### [Exercise]
When you restate the records, do so word for word and omit any picture they contain.

### [Data for the task]
====================

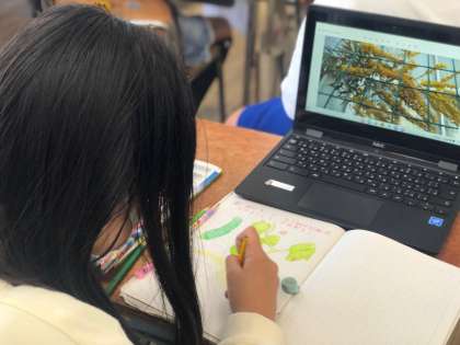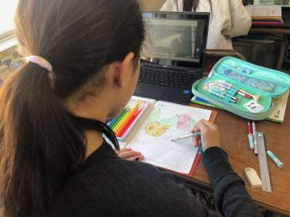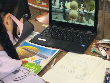 4年生の理科は、植物を育てようの学習です。校舎の壁に沿って育っているひょうたんやその他の植物について、一人一台端末で撮影し、ノートに書き写しました。
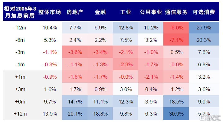 图表35:2005年在加息周期开启之后,领涨板块从可选消费、工业、以及公用事业开始向金融、地产和通信服务板块切换
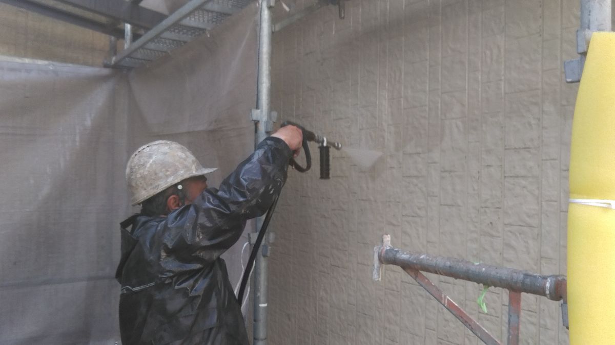 【施工中】高圧洗浄-外壁:上から下に汚れを流していきます。
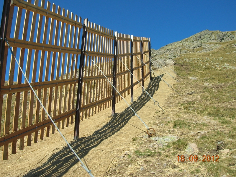 Der Startschuss für die Lawinenverbauungsarbeiten fiel im Jahr 2007, abgeschlossen wurden sie in den vergangenen Tagen, im Herbst 2012. Angesichts der Höhenlage der Baustelle, war ein Arbeiten nur über die Sommermonate möglich. 2010 mussten die Arbeiten gar für ein Jahr unterbrochen werden. "Insgesamt waren vier Projekte nötig, um das felsige Anbruchsgebiet der Schneelahn zu sichern", erklärt Peter Egger, Direktor im Landesamt für Wildbach- und Lawinenverbauung Süd, das für die Ausführung der Arbeiten verantwortlich zeichnet. Überaus aufwändig und schwierig war es, die Schneenetze und Schneerechen anzubringen. „Das Baumaterial musste von der Laugenalm per Hubschrauber eingeflogen werden, das an der Baustelle benötigte Wasser wurde aus dem Laugensee bezogen", berichtet Vorarbeiter Manfred Tschöll, der mit seiner Mannschaft in einem kleinen Containerdorf unterhalb der Kleinen Laugenspitze untergebracht war, um die tägliche Anfahrt zum Gampenpass und den Aufstieg zur Baustelle zu vermeiden.
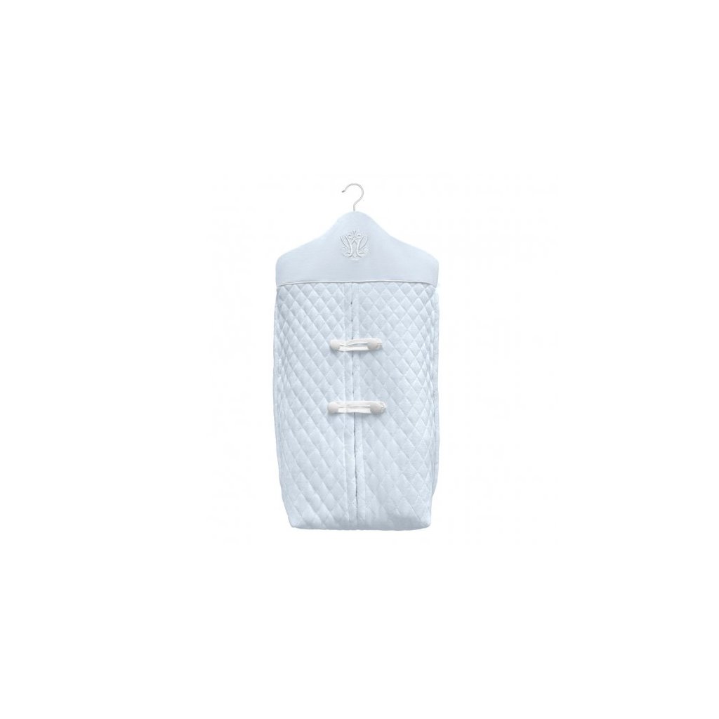 Praktický organizér na plienky z prešívanej bavlny v baby modrej farbe. Zdobený volánom a krásnym zapínaním na mašličku. Má vešiak, ktorý vám umožní zavesiť organizér na posteľ, komodu alebo dvere šatníka.
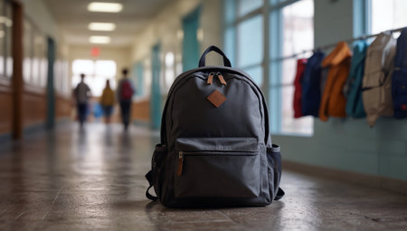 Backpack Sitting in an Empty Hallway with Overheard Lighting Fixtures
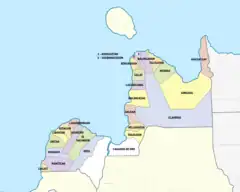 Misamis Oriental comprises 23 municipalities and 2 component cities, which are organized into two legislative districts and further subdivided into 424 barangays. The provincial capital, Cagayan de Oro, is a highly urbanized city that is administered independently from the province.

====================

### [Problem solution]
 4年生の理科は、植物を育てようの学習です。校舎の壁に沿って育っているひょうたんやその他の植物について、一人一台端末で撮影し、ノートに書き写しました。
 图表35:2005年在加息周期开启之后,领涨板块从可选消费、工业、以及公用事业开始向金融、地产和通信服务板块切换
 【施工中】高圧洗浄-外壁:上から下に汚れを流していきます。
 Der Startschuss für die Lawinenverbauungsarbeiten fiel im Jahr 2007, abgeschlossen wurden sie in den vergangenen Tagen, im Herbst 2012. Angesichts der Höhenlage der Baustelle, war ein Arbeiten nur über die Sommermonate möglich. 2010 mussten die Arbeiten gar für ein Jahr unterbrochen werden. "Insgesamt waren vier Projekte nötig, um das felsige Anbruchsgebiet der Schneelahn zu sichern", erklärt Peter Egger, Direktor im Landesamt für Wildbach- und Lawinenverbauung Süd, das für die Ausführung der Arbeiten verantwortlich zeichnet. Überaus aufwändig und schwierig war es, die Schneenetze und Schneerechen anzubringen. „Das Baumaterial musste von der Laugenalm per Hubschrauber eingeflogen werden, das an der Baustelle benötigte Wasser wurde aus dem Laugensee bezogen", berichtet Vorarbeiter Manfred Tschöll, der mit seiner Mannschaft in einem kleinen Containerdorf unterhalb der Kleinen Laugenspitze untergebracht war, um die tägliche Anfahrt zum Gampenpass und den Aufstieg zur Baustelle zu vermeiden.
 Praktický organizér na plienky z prešívanej bavlny v baby modrej farbe. Zdobený volánom a krásnym zapínaním na mašličku. Má vešiak, ktorý vám umožní zavesiť organizér na posteľ, komodu alebo dvere šatníka.
 Backpack Sitting in an Empty Hallway with Overheard Lighting Fixtures
 Misamis Oriental comprises 23 municipalities and 2 component cities, which are organized into two legislative districts and further subdivided into 424 barangays. The provincial capital, Cagayan de Oro, is a highly urbanized city that is administered independently from the province.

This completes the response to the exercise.